Grötzsch proved that every triangle-free planar graph is 3-colorable. Thomassen proved that every planar graph of girth at least five is 3-choosable. As for other surfaces, Thomassen proved that there are only finitely many 4-critical graphs of girth at least five embeddable in any fixed surface. This implies a linear-time algorithm for deciding 3-colorablity for graphs of girth at least five on any fixed surface. Dvořák, Král' and Thomas strengthened Thomassen's result by proving that the number of vertices in a 4-critical graph of girth at least five is linear in its genus. They used this result to prove Havel's conjecture that a planar graph whose triangles are pairwise far enough apart is 3-colorable. As for list-coloring, Dvořák proved that a planar graph whose cycles of size at most four are pairwise far enough part is 3-choosable.
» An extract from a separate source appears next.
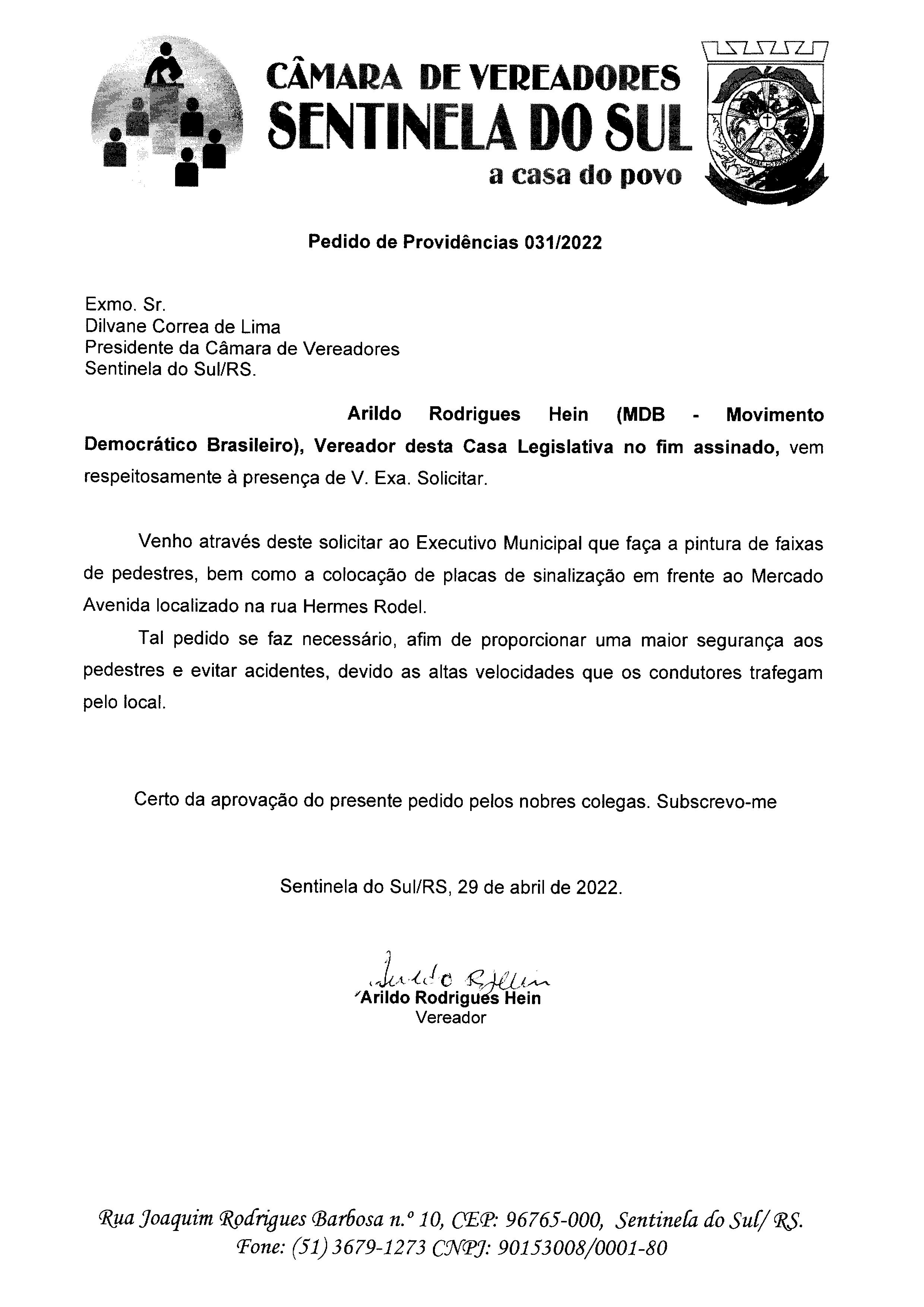 Pedido de Providências de autoria do vereador Arildo Rodrigues Hein

In this article, we generalize these results. First we prove a linear isoperimetric bound for 3-list-coloring graphs of girth at least five. Many new results then follow from the theory of hyperbolic families of graphs developed by Postle and Thomas. In particular, it follows that there are only finitely many 4-list-critical graphs of girth at least five on any fixed surface, and that in fact the number of vertices of a 4-list-critical graph is linear in its genus. This provides independent proofs of the above results while generalizing Dvořák's result to graphs on surfaces that have large edge-width and yields a similar result showing that a graph of girth at least five with crossings pairwise far apart is 3-choosable. Finally, we generalize to surfaces Thomassen's result that every planar graph of girth at least five has exponentially many distinct 3-list-colorings. Specifically, we show that every graph of girth at least five that has a 3-list-coloring has $2^{\mathrm{\Omega }(n)-O(g)}$ distinct 3-list-colorings.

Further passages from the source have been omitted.